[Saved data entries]
--*--

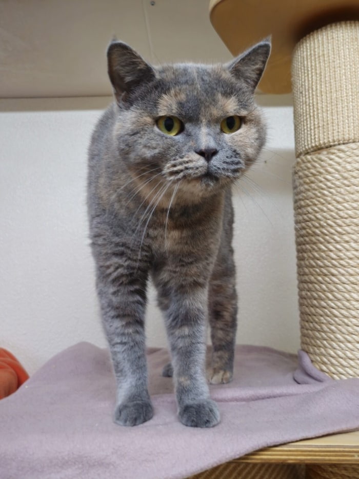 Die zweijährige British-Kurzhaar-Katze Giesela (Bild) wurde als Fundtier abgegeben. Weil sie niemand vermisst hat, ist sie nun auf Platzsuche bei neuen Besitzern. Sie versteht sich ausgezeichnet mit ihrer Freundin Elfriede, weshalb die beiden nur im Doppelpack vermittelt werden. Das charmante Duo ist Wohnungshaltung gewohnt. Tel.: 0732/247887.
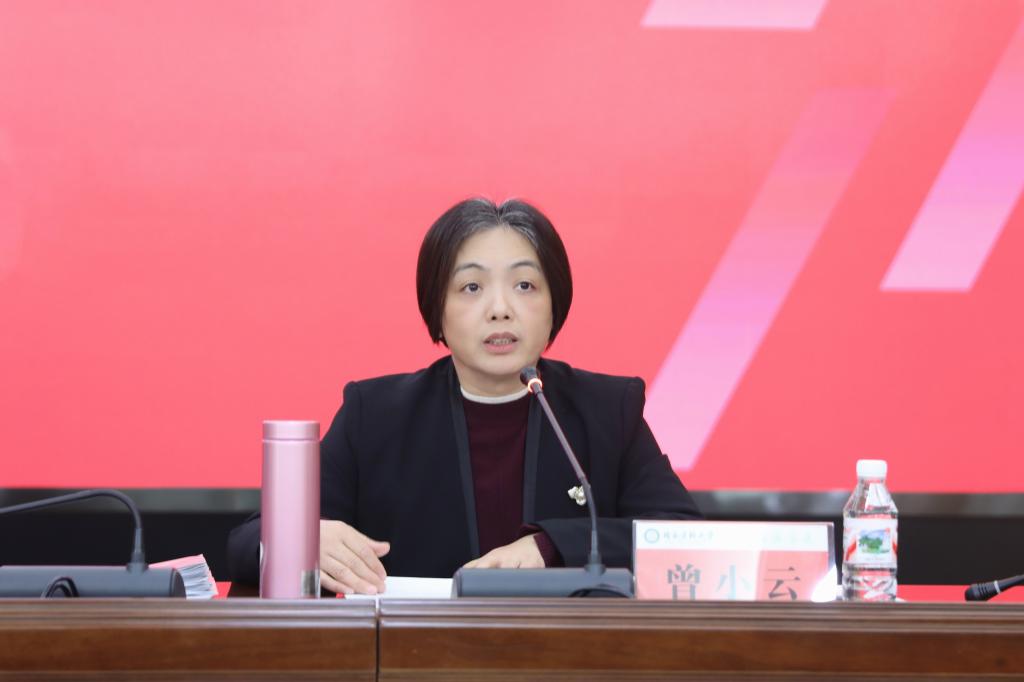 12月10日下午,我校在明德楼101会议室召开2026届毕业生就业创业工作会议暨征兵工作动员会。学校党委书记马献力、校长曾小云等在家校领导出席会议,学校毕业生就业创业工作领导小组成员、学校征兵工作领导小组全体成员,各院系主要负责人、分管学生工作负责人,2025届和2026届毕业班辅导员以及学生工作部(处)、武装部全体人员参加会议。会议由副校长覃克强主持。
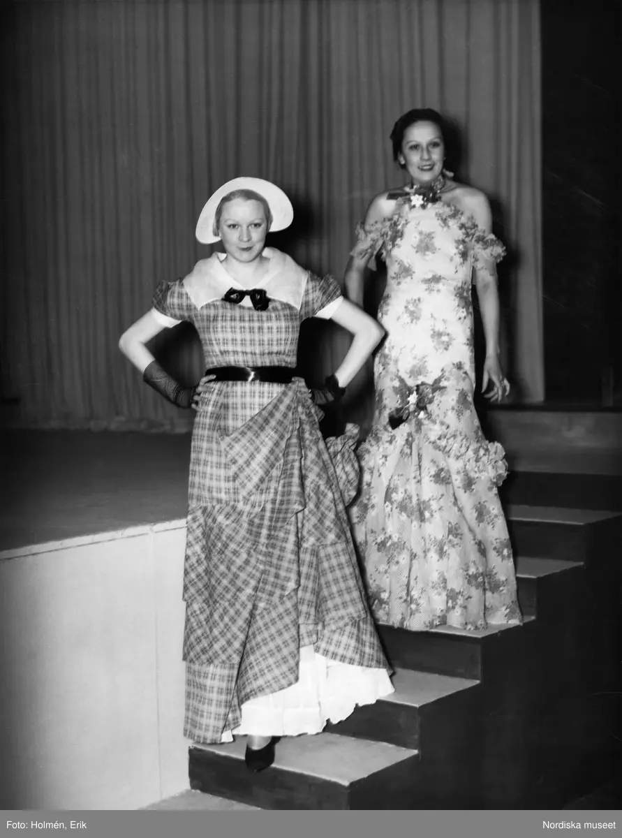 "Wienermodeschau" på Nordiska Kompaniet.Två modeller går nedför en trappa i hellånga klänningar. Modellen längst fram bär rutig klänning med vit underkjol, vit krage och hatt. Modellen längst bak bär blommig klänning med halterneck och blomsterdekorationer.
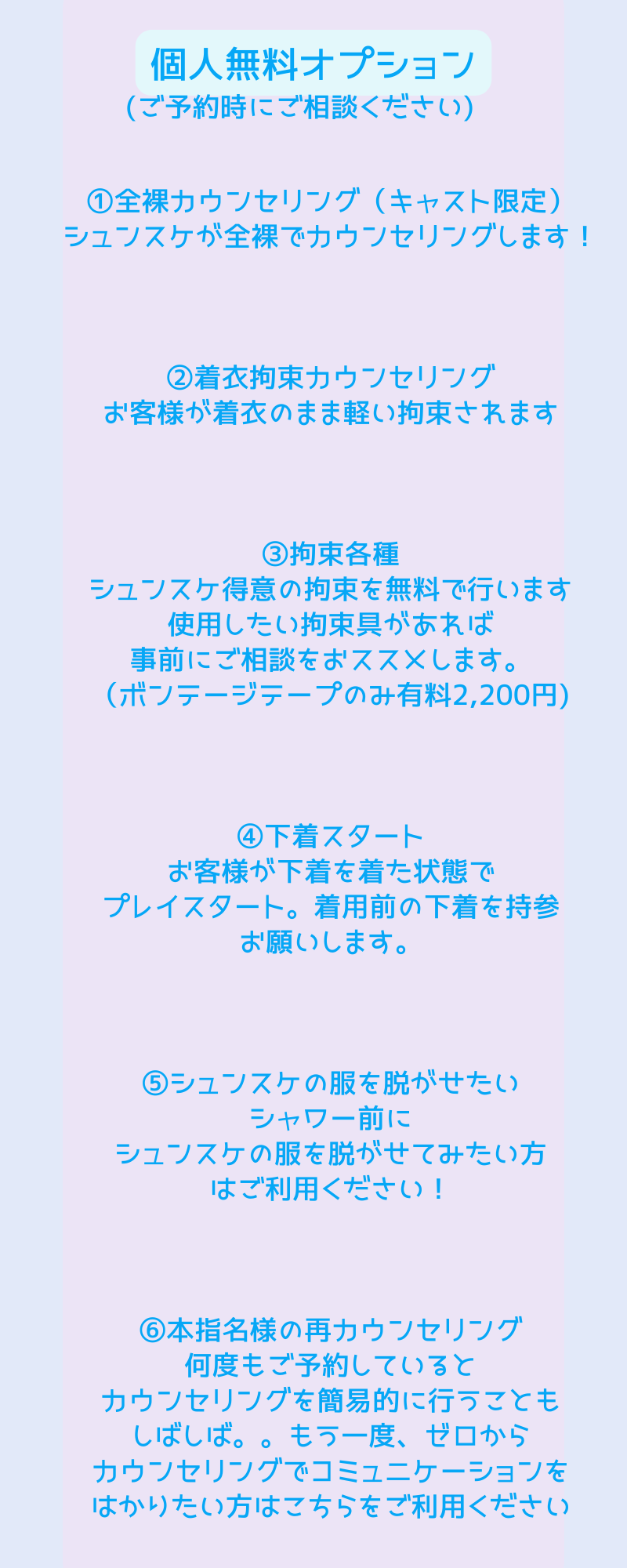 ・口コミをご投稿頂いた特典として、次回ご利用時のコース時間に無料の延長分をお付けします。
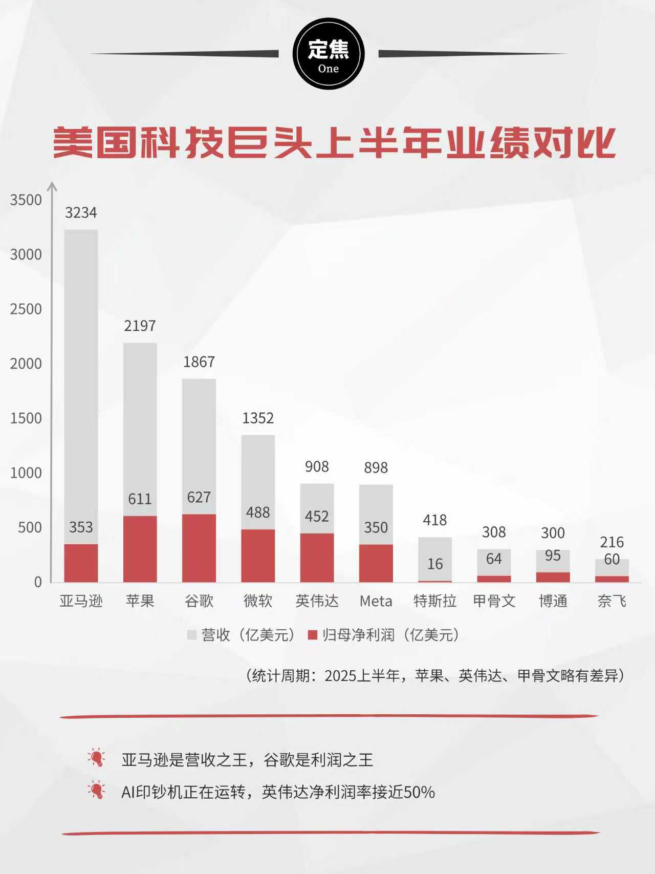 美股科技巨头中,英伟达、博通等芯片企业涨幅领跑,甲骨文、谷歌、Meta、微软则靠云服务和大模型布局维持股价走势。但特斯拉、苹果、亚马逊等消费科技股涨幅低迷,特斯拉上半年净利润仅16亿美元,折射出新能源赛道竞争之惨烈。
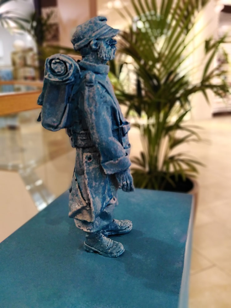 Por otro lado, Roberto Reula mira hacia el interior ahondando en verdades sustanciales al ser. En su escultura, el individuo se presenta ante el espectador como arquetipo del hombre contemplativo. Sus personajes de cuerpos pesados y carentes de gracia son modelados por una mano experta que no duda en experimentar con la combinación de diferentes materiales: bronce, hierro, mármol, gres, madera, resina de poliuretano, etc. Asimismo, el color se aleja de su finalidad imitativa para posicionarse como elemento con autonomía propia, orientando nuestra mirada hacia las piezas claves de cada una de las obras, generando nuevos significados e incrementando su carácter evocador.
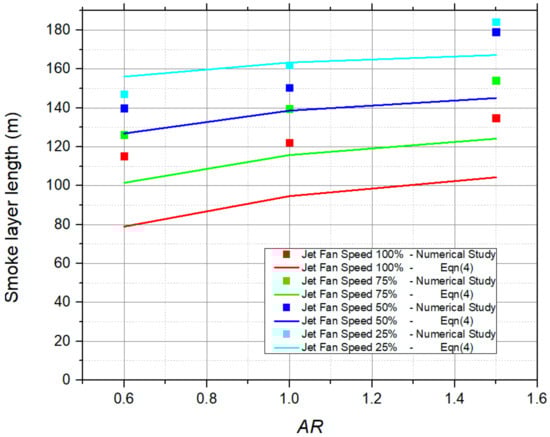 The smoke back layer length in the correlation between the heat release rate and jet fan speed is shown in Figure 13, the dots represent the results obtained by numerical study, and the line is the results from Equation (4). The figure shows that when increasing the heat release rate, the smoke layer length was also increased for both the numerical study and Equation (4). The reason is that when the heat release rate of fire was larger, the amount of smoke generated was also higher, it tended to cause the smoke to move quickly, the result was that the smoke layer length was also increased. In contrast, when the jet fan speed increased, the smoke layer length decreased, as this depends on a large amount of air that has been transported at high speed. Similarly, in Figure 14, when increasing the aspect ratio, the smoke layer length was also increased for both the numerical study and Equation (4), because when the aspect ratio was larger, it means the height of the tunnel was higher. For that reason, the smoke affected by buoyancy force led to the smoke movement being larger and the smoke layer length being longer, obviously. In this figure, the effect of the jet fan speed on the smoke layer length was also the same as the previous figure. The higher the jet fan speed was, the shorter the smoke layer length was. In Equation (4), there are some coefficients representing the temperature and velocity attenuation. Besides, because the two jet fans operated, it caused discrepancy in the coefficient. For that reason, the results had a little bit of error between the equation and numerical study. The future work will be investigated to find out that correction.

--*--

Task to carry out: An exact copy of the lines above from the one with "halterneck och blomsterdekorationer." up to and including the one with "Por otro lado, Roberto" is required; reproduce only those lines, omitting all pictures.

Response to this task:
 "Wienermodeschau" på Nordiska Kompaniet.Två modeller går nedför en trappa i hellånga klänningar. Modellen längst fram bär rutig klänning med vit underkjol, vit krage och hatt. Modellen längst bak bär blommig klänning med halterneck och blomsterdekorationer.
 ・口コミをご投稿頂いた特典として、次回ご利用時のコース時間に無料の延長分をお付けします。
 美股科技巨头中,英伟达、博通等芯片企业涨幅领跑,甲骨文、谷歌、Meta、微软则靠云服务和大模型布局维持股价走势。但特斯拉、苹果、亚马逊等消费科技股涨幅低迷,特斯拉上半年净利润仅16亿美元,折射出新能源赛道竞争之惨烈。
 Por otro lado, Roberto Reula mira hacia el interior ahondando en verdades sustanciales al ser. En su escultura, el individuo se presenta ante el espectador como arquetipo del hombre contemplativo. Sus personajes de cuerpos pesados y carentes de gracia son modelados por una mano experta que no duda en experimentar con la combinación de diferentes materiales: bronce, hierro, mármol, gres, madera, resina de poliuretano, etc. Asimismo, el color se aleja de su finalidad imitativa para posicionarse como elemento con autonomía propia, orientando nuestra mirada hacia las piezas claves de cada una de las obras, generando nuevos significados e incrementando su carácter evocador.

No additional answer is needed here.